* Directions for this task: Output, word for word, each line from the one with "Gather around the" through the end of the listing below, excluding every picture.

* Record extracts:
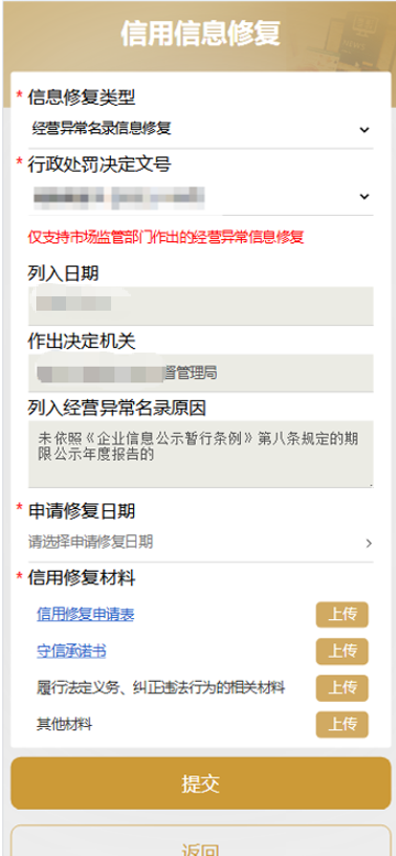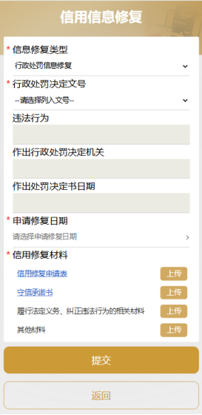 完成系统登录后,系统将自动匹配信用记录,对符合条件的行政处罚、经营异常等信息提供在线申请、材料提交与进度查询一站式服务。修复结果同步至国家企业信用信息公示系统。
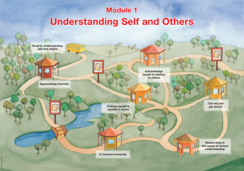 Learning to live together: poster Corporate author: United Nations Children's Fund (UNICEF) | Interfaith Council on Ethics Education for Children | Arigatou Foundation The poster is for the Learning to Live Together programme. The Learning to Live Together programme is built on two complementary learning modules, ‘Understanding Self and Others’ and ‘Transforming the World Together,’ based on four core ethical values: respect, empathy, responsibility and reconciliation.
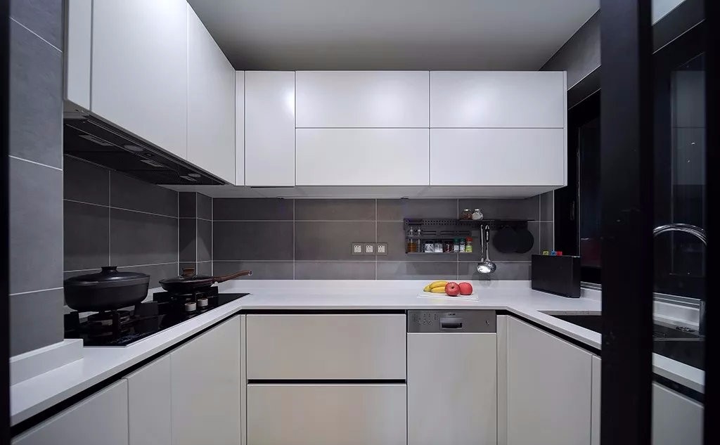 廚房以灰白為基調(diào),一眼望去:干凈、清爽、簡約,顏值高又方便實(shí)用的廚房才配得上好的廚藝。
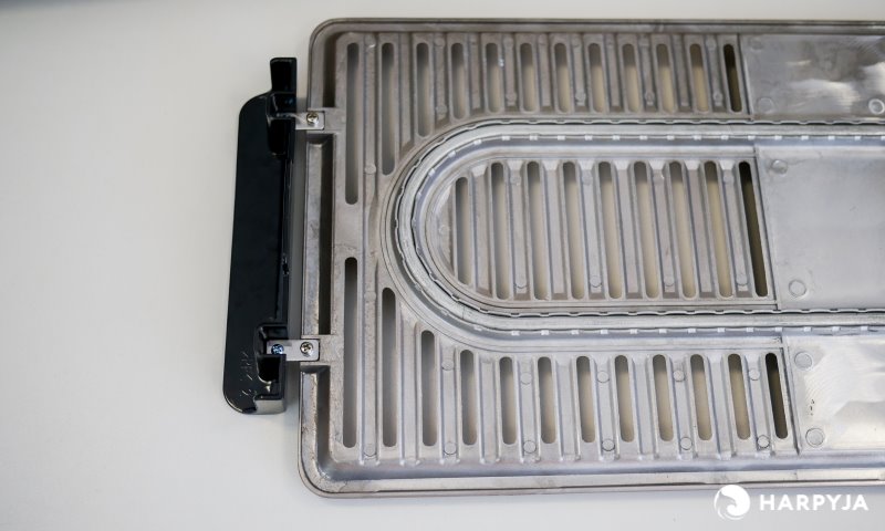 A união da resistência com a chapa traz algumas vantagens. Uma delas é evitar que gordura pingue sobre a resistência e gere fumaça. Além disso, facilita a limpeza do conjunto, podendo tirar tudo de uma vez e limpar como uma peça só.
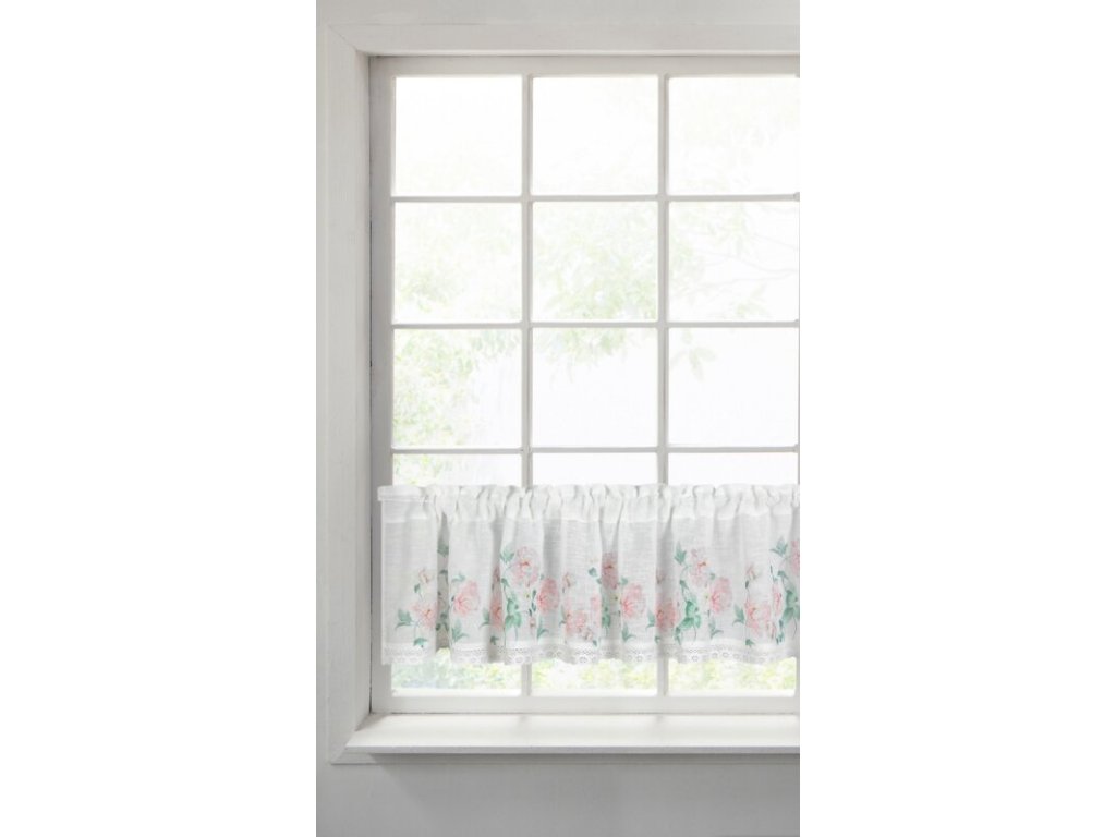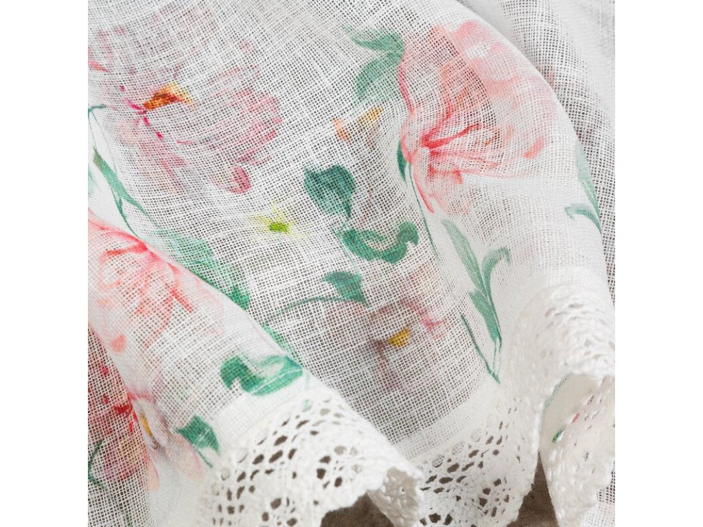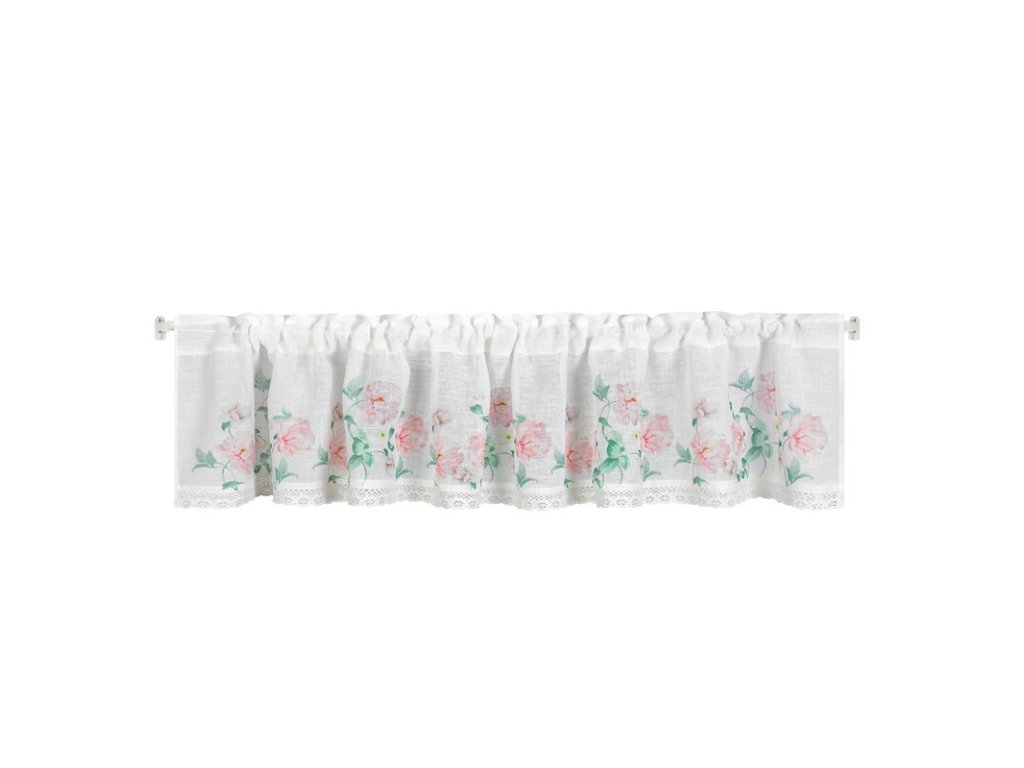 Zazdrostka z nadrukiem zdobiona koronką szerokość: 150 cm, długość: 30 cm, kolor: BÍLÝ, Gramatura: 165 GSM, Skład: 100% poliesterDoplňkové parametry
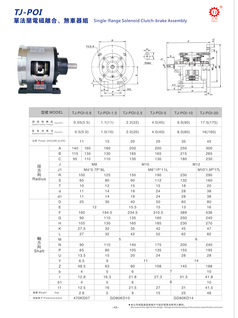 東莞天機(jī)傳動(臺灣天機(jī)牌)是生產(chǎn)單法蘭電磁離合剎車器,法蘭式電磁離合剎車器的廠家,全稱為POI型單法蘭電磁離合剎車器組合體,主要由一個TJ-A1型電磁離合器與一個TJ-B1型電磁制動器組合的集成組體。電磁離合剎車器應(yīng)用廣泛、結(jié)構(gòu)簡易、可高頻運(yùn)轉(zhuǎn)、使用安全等。
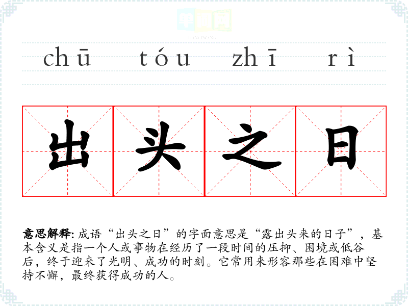 成语“出头之日”的字面意思是“露出头来的日子”,基本含义是指一个人或事物在经历了一段时间的压抑、困境或低谷后,终于迎来了光明、成功的时刻。它常用来形容那些在困难中坚持不懈,最终获得成功的人。
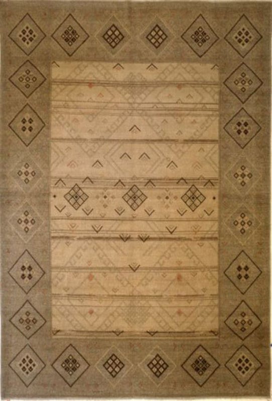 Alfombra de no menos de 80 años de antiguedad, anudada a mano por artesanos en tiempos en que la elaboración no estaba industrializada y por ende todo el proceso de hilado, teñido y anudado se hacía en forma 100% artersanal.
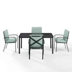 Gather around the Kaplan 5pc Outdoor Dining Set for an elegant meal al fresco. The rectangle table features a slatted design that elevates the sturdy steel construction and creates a perfect partner to the four outdoor dining chairs. Each chair showcases comfy back and seat cushions plus a classic x-back design. The table has a standard umbrella hole that will allow you to add some shade on a hot summer day. Simple and stunning, the Kaplan 5pc Outdoor Dining Set will be a welcome addition to your outdoor entertaining.
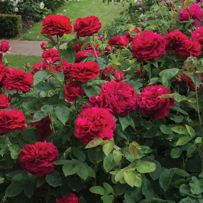 Роза английская L.D.Braithwaite. Роза имеет цветки самого яркого красного цвета среди английских роз, и этот цвет долго не блекнет. Цветки привлекательные, хотя и не имеют идеальной формы старинной розы, широко раскрытые. Роза цветет в течение всего лета - на кусте редко не бывает цветов. Запах достаточно сильный. Куст низкий, широкий и открытый, что делает сорт желанным для сада. Высота куста 100 см, ширина 100 см, диаметр цветка 10 см.
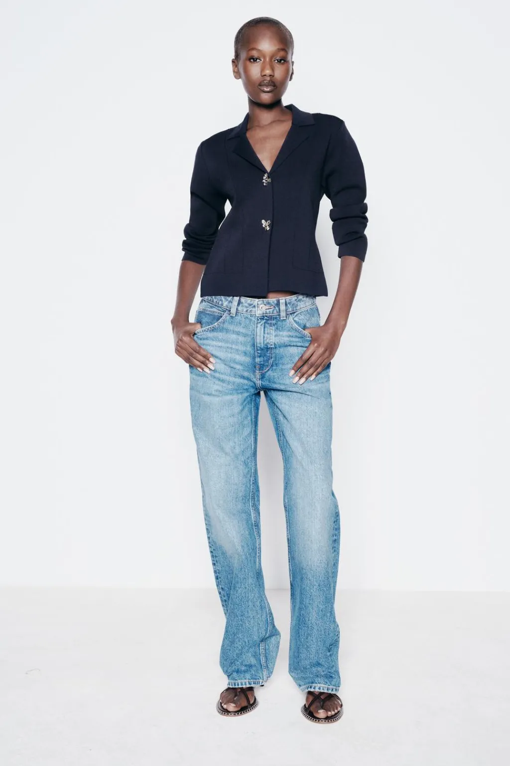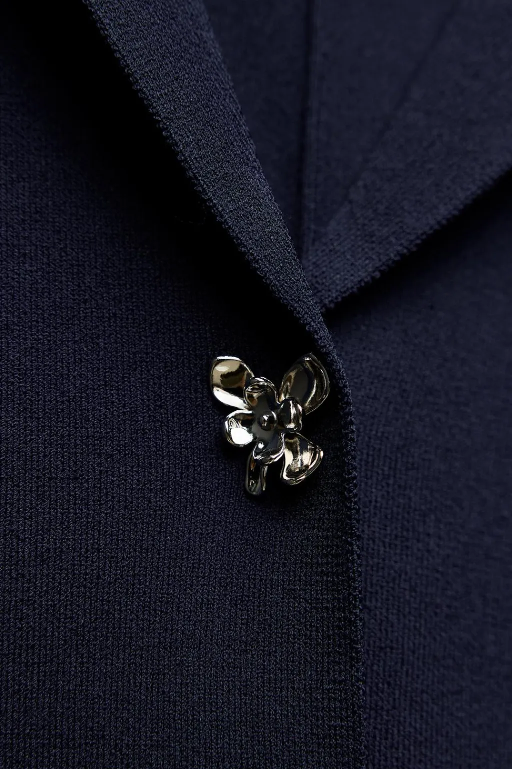 Chaqueta entallada de cuello solapa y manga larga. Cierre frontal con botones metálicos con forma de flor.

* Answer space:
 Gather around the Kaplan 5pc Outdoor Dining Set for an elegant meal al fresco. The rectangle table features a slatted design that elevates the sturdy steel construction and creates a perfect partner to the four outdoor dining chairs. Each chair showcases comfy back and seat cushions plus a classic x-back design. The table has a standard umbrella hole that will allow you to add some shade on a hot summer day. Simple and stunning, the Kaplan 5pc Outdoor Dining Set will be a welcome addition to your outdoor entertaining.
 Роза английская L.D.Braithwaite. Роза имеет цветки самого яркого красного цвета среди английских роз, и этот цвет долго не блекнет. Цветки привлекательные, хотя и не имеют идеальной формы старинной розы, широко раскрытые. Роза цветет в течение всего лета - на кусте редко не бывает цветов. Запах достаточно сильный. Куст низкий, широкий и открытый, что делает сорт желанным для сада. Высота куста 100 см, ширина 100 см, диаметр цветка 10 см.
 Chaqueta entallada de cuello solapa y manga larga. Cierre frontal con botones metálicos con forma de flor.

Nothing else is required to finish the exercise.